Give back, word for word, only the lines from the opening of the records through the one with "Las tarjetas de". Pictures stay out.

——————

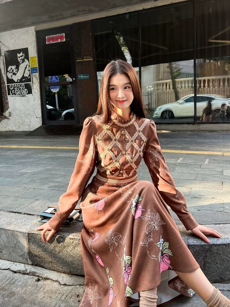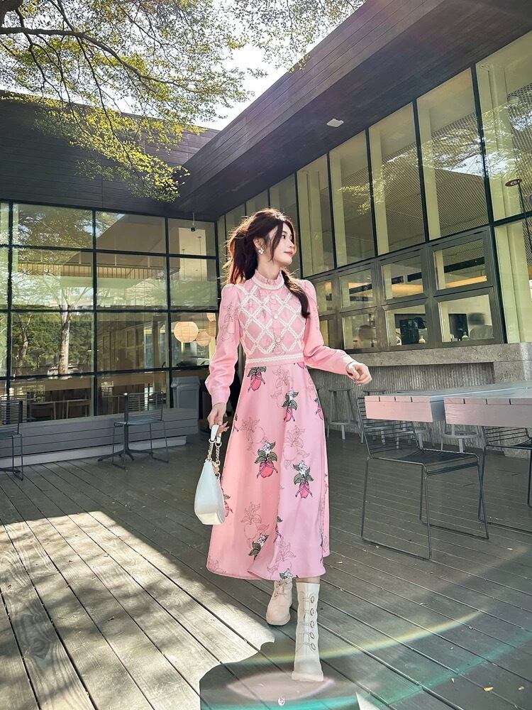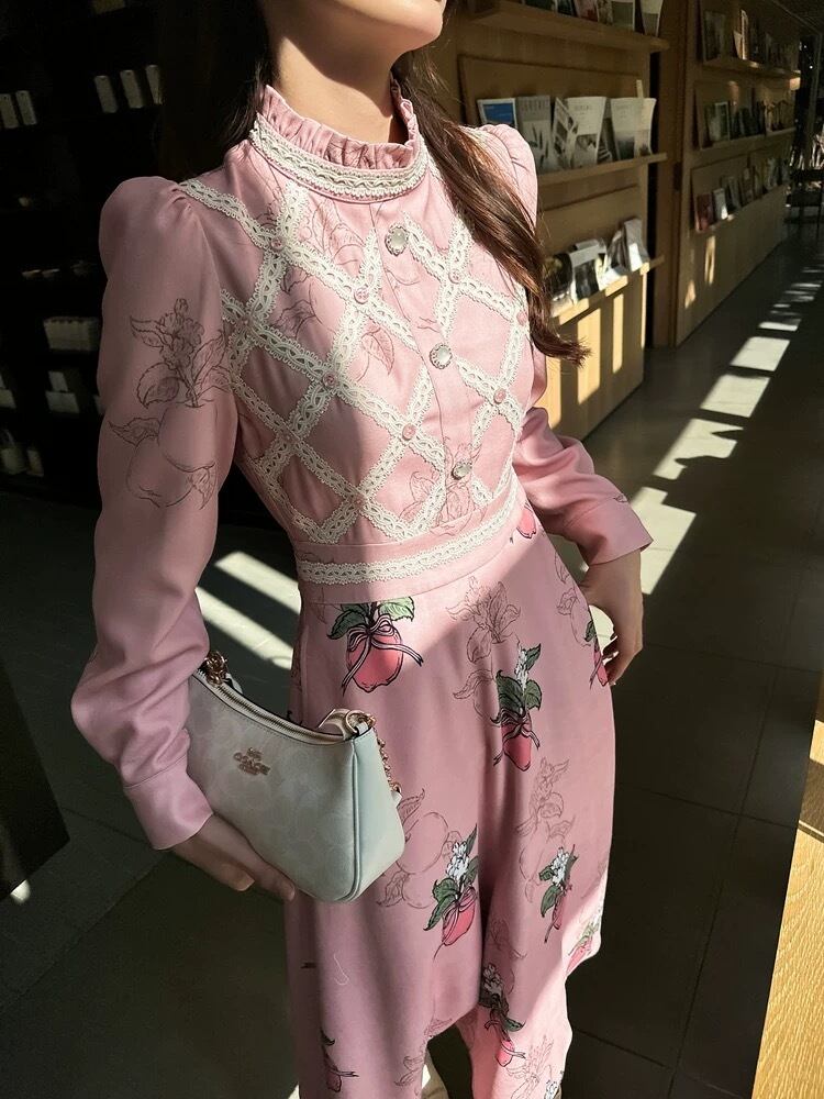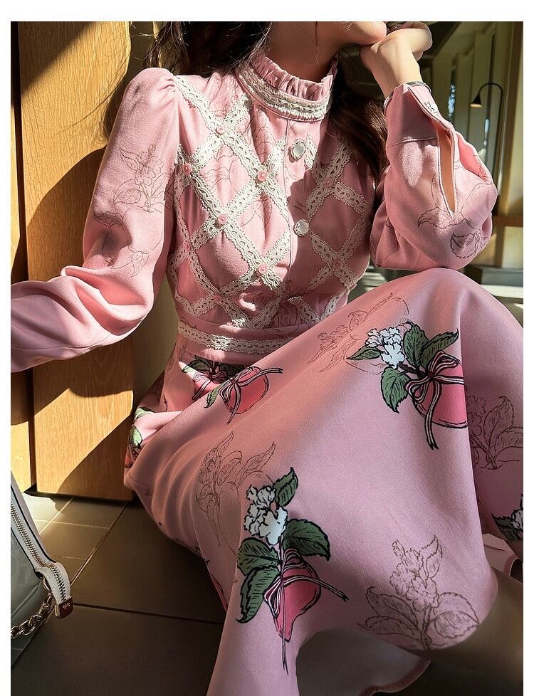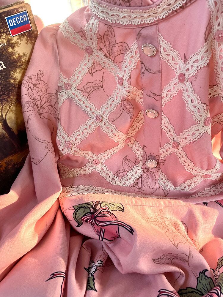 ワンピース フルーツ ピンク 茶色 XL ガーリー ブラウス スカート 原宿 可愛い
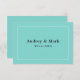 Las tarjetas de notas personalizadas de estilo plano cuentan con una moda y un diseño sofisticado y un monograma del nombre de matrimonio de una novia y un novio, con espacio en la parte posterior para un mensaje manuscrito. El esquema de color azul, negro y blanco del huevo de Aqua / robin.
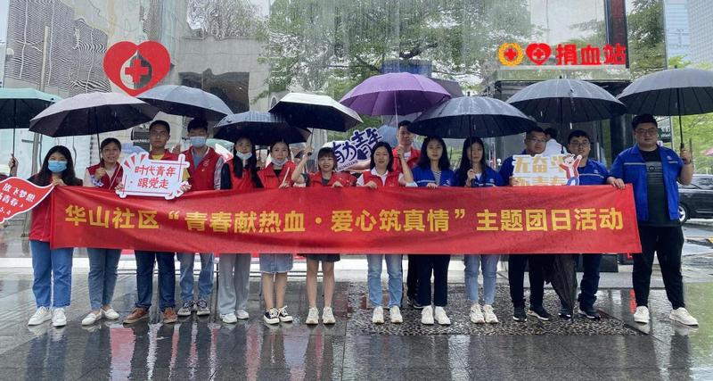 为爱举手,为生命加油。华山社区团委组织社区联合团支部、中铁十四局皇岗路项目部的团员青年来到中心书城捐血站,开展社区五四青年节系列活动之“青春献热血·爱心筑真情”主题团日活动。
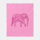 Fleece blanket in a digital graphic of a richly embellished elephant, in a flower pattern in shades of pink, from pale pink to deep fuchsia, against a medium pink background
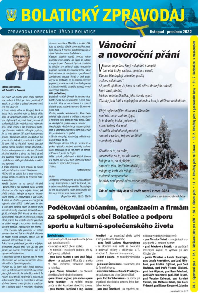 Z obsahu: Vánoční a novoroční přání, Volby prezidenta 2023, stavba DSS, rozpočet obce na rok 2023, obecní stavby, poděkování občanům a firmám a další zprávy spolků a organizací...
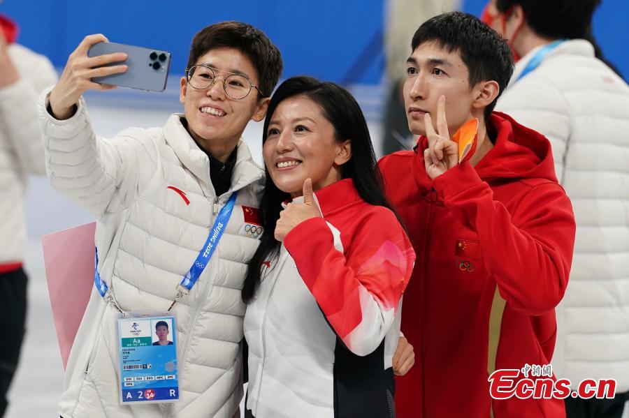 Fan Kexin (L), Yang Yang (C) and Wu Dajing take selfie at the Capital Indoor Stadium in Beijing , capital of China, Feb. 16, 2022. (Photo: China News Service/Cui Nan)
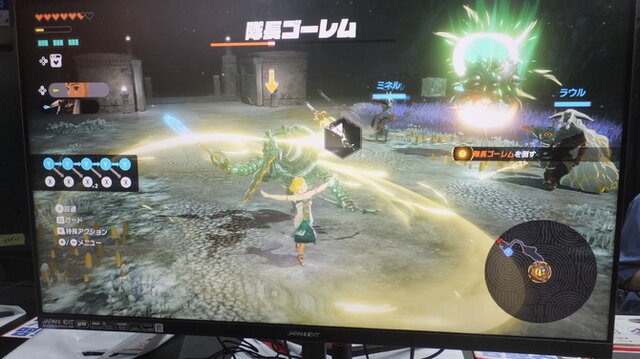 しかし『ゼルダ無双』シリーズは『無双』のシステムも踏襲しているため、使用可能なキャラクターが多いという特徴があります。今回の試遊プレイでは、本作の主要人物となる「ゼルダ姫」「ラウル」「ミネル」の3人が編成されており、切り替えることでいずれのキャラクターも操作可能でした。

——————

● **OUTPUT BELOW**:
 ワンピース フルーツ ピンク 茶色 XL ガーリー ブラウス スカート 原宿 可愛い
 Las tarjetas de notas personalizadas de estilo plano cuentan con una moda y un diseño sofisticado y un monograma del nombre de matrimonio de una novia y un novio, con espacio en la parte posterior para un mensaje manuscrito. El esquema de color azul, negro y blanco del huevo de Aqua / robin.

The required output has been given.